• DATA TO EXAMINE

........

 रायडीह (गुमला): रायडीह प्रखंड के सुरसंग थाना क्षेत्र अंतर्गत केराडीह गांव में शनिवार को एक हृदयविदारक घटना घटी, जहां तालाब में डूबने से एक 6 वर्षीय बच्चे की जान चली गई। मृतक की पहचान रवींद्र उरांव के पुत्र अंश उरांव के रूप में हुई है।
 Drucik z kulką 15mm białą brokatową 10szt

........

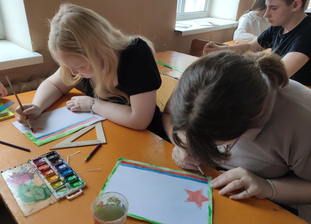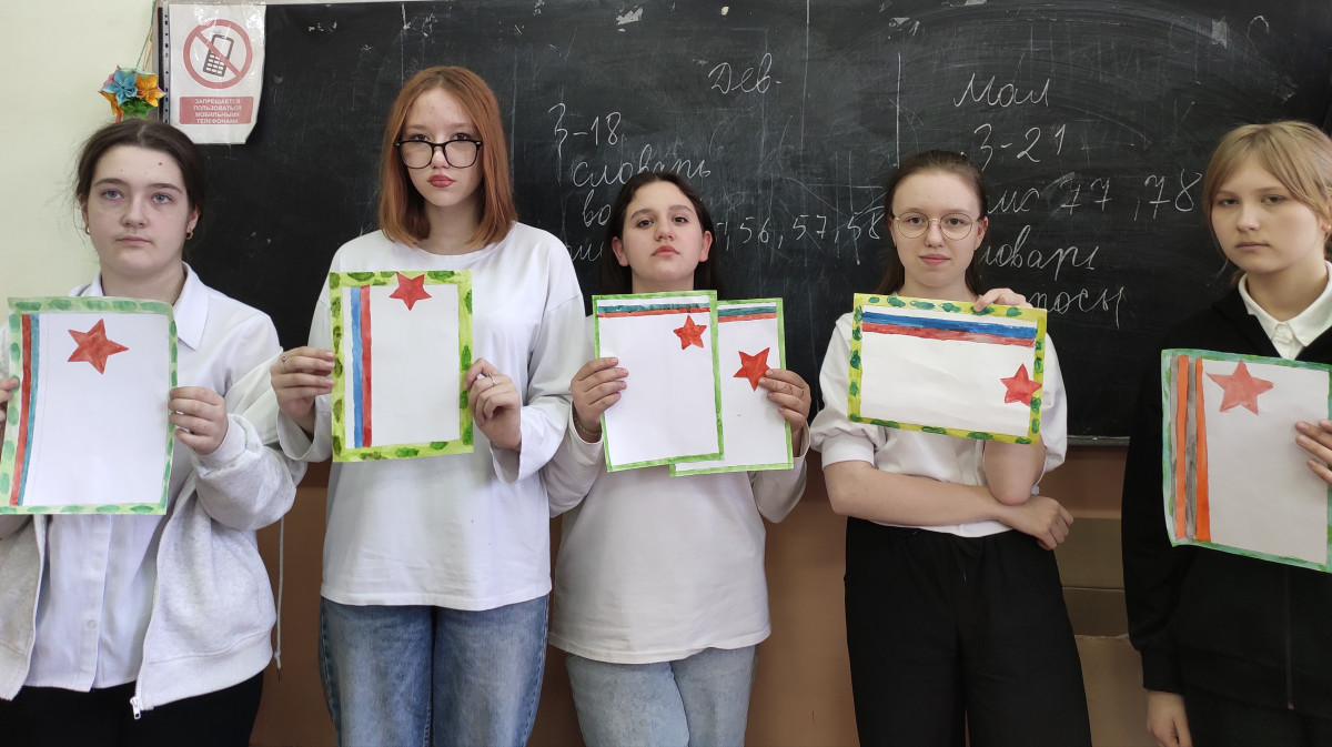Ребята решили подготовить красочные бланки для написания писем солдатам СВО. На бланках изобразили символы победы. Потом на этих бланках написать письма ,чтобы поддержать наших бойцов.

........

• TASK BRIEF
There is a run of lines above from the one with "रायडीह (गुमला): रायडीह" to the one with "Drucik z kulką 15mm białą brokatową 10szt"; print exactly that run, both ends included, and nothing else.

• SOLUTION FOR THIS PROBLEM
 रायडीह (गुमला): रायडीह प्रखंड के सुरसंग थाना क्षेत्र अंतर्गत केराडीह गांव में शनिवार को एक हृदयविदारक घटना घटी, जहां तालाब में डूबने से एक 6 वर्षीय बच्चे की जान चली गई। मृतक की पहचान रवींद्र उरांव के पुत्र अंश उरांव के रूप में हुई है।
 Drucik z kulką 15mm białą brokatową 10szt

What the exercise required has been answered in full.